A convenience function to perform overall metric analysis: mean, median, CI.

Usage

distribution_estimate(v, successes=NULL, num_quantiles=101, observed=FALSE)

Arguments

v

a vector of values to be analyzed (for nonbinary data), or number of trials (for binary data)

successes

number of successes (for binary data)

num_quantiles

number of quantiles to split into

observed

whether to generate the observed distribution (rather than the estimated distribution of the mean); default FALSE

Value

a data frame with the following columns:

quantiles

the estimated quantiles (0,0.01,0.02,...,1) for the mean, using a Beta-binomial estimate of p for binomial data, a bootstrapped quantile distribution for real-valued numbers

x

x values for plotting a lineplot of the estimated distribution

y

y values for plotting a lineplot of the estimated distribution

mids

mid values for plotting a barplot of the estimated distribution

lefts

left values for plotting a barplot of the estimated distribution

rights

right values for plotting a barplot of the estimated distribution

widths

width values for plotting a barplot of the estimated distribution

heights

height values for plotting a barplot of the estimated distribution

probabilities

probabilities indicating how much probability is contained in each barplot

Author(s)

Thomas Lotze <[email protected]>

Examples

metric_list = list(rbinom(n=100,size=1,prob=0.5),
                   rbinom(n=100,size=1,prob=0.7),
                   rpois(n=100, lambda=5))
distribution_estimate(length(metric_list[[1]]), sum(metric_list[[1]]))
distribution_estimate(length(metric_list[[2]]), sum(metric_list[[2]]))
de = distribution_estimate(metric_list[[3]])
plot(de$x, de$y, type="l")
barplot(de$heights, de$widths)
distribution_estimate(metric_list[[3]], observed=TRUE)

prob_winner

Description

Function to compute probability that each arm is the winner, given simulated posterior results

Usage

prob_winner(post)

Arguments

post

the simulated results from the posterior, provided by sim_post

Author(s)

Thomas Lotze and Markus Loecher

Examples

x=c(10,20,30,50)
n=c(100,102,120,130)
betaPost = sim_post(x,n)
prob_winner(betaPost)

significance_analysis

Description

A convenience function to perform overall proportion comparison using prop.test, before doing pairwise comparisons, to see what outcomes seem to be better than others.

Usage

significance_analysis(x, n)

Arguments

x

as in prop.test, a vector of the number of successes

n

as in prop.test, a vector of the number of trials

Value

a data frame with the following columns:

successes

x

totals

n

estimated_proportion

x/n

lower

0.95 confidence interval on the estimated amount by which this alternative outperforms the next-lower alternative

upper

0.95 confidence interval on the estimated amount by which this alternative outperforms the next-lower alternative

significance

p-value for the test that this alternative outperforms the next-lower alternative

order

order, by highest success proportion

best

1 if it is part of the 'highest performing group' – those groups which were not significantly different from the best group

p_best

Bayesian posterior probability that this alternative is the best binomial bandit

Note

This is intended for use in A/B split testing – so sizes of n should be roughly equal. Also, note that alternatives which have the same rank are grouped together for analysis with the 'next-lower' alternative, so you may want to check to see if ranks are equal.

Author(s)

Thomas Lotze <[email protected]>

See Also

prop.test

Examples

x = c(10,20,30,50)
n = c(100,102,120,130)
sa = significance_analysis(x,n)
sa[rev(order(sa$estimated_proportion)), ]

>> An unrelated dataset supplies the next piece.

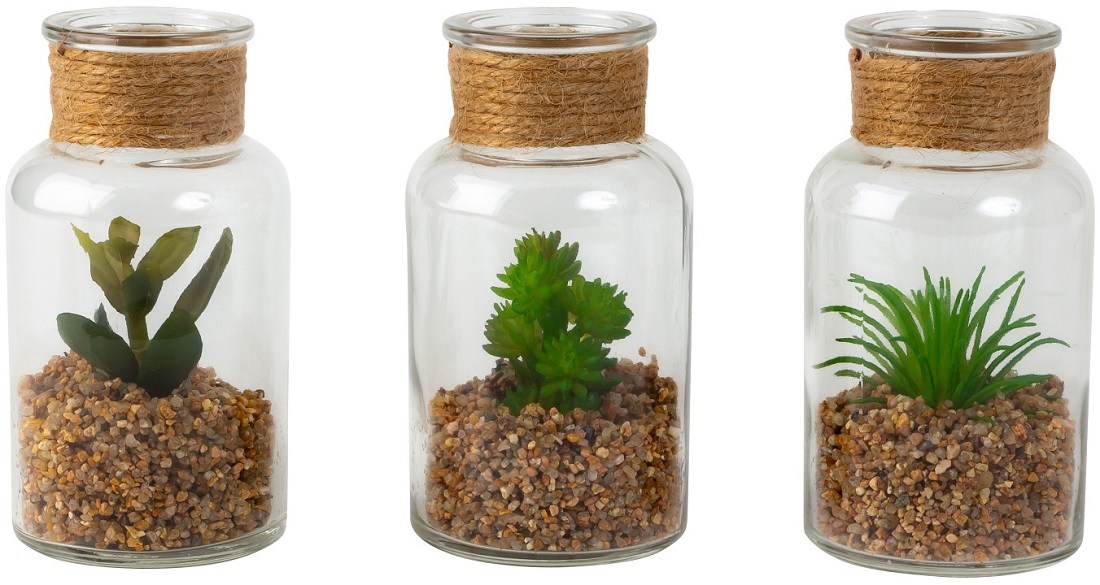 Deko Glas-Flasche mit künstlichem Kaktus in kleinen Steinchen ca. 13 x 7cm 3/s

x = c(37,41,30,43,39,30,31,35,50,30)
n = rep(50, length(x))
sa = significance_analysis(x,n)
sa[rev(order(sa$estimated_proportion)), ]

x = c(37,41,30,43,39,30,31,37,50,30)
n = rep(50, length(x))
sa = significance_analysis(x,n)
sa[rev(order(sa$estimated_proportion)), ]

sim_post

Description

Simulate the posterior distribution the Bayesian probabilities for each arm being the best binomial bandit

Usage

sim_post(x, n, alpha = 1, beta = 1, ndraws = 5000)

Arguments

x

as in prop.test, a vector of the number of successes

n

as in prop.test, a vector of the number of trials

alpha

shape parameter alpha for the prior beta distribution.

beta

shape parameter beta for the prior beta distribution.

ndraws

number of random draws from the posterior

Author(s)

Thomas Lotze and Markus Loecher

Examples

x=c(10,20,30,50)
n=c(100,102,120,130)
sim_post(x,n)

summarize_metrics

Description

A convenience function to perform overall metric analysis: mean, median, CI.

Usage

summarize_metrics(v, successes=NULL)

Arguments

v

a vector of values to be analyzed (for nonbinary data), or number of trials (for binary data)

successes

number of successes (for binary data)

Value

a list with the following items:

mean

mean

median

median

lower

0.95 confidence interval on the mean

upper

0.95 confidence interval on the mean

num_obs

number of observations of this metric

total

the sum of all values of this metric (mean*num_obs)

Author(s)

Thomas Lotze <[email protected]>

Examples

metric_list = list(rbinom(n=100,size=1,prob=0.5),
                   rbinom(n=100,size=1,prob=0.7),
                   rpois(n=100, lambda=5))
summarize_metrics(length(metric_list[[1]]), sum(metric_list[[1]]))
summarize_metrics(length(metric_list[[2]]), sum(metric_list[[2]]))
summarize_metrics(metric_list[[3]])

value_remaining

Description

Compute the "value_remaining" in the binomial bandits

Usage

value_remaining(x, n, alpha = 1, beta = 1, ndraws = 10000)

Arguments

x

as in prop.test, a vector of the number of successes

n

as in prop.test, a vector of the number of trials

alpha

shape parameter alpha for the prior beta distribution.

beta

shape parameter beta for the prior beta distribution.

ndraws

number of random draws from the posterior

Value

value_remaining distribution; the distribution of improvement amounts that another arm might have over the current best arm

Author(s)

Thomas Lotze and Markus Loecher

Examples

x=c(10,20,30,80)
n=c(100,102,120,240)
vr = value_remaining(x, n)
hist(vr)
best_arm = which.max(best_binomial_bandit(x, n))
# "potential value" remaining in the experiment
potential_value = quantile(vr, 0.95)
paste("Were still unsure about the CvR for the best arm (arm ", best_arm,
	"), but whatever it is, one of the other arms might beat it by as much as ",
	round(potential_value*100, 4), " percent.", sep="")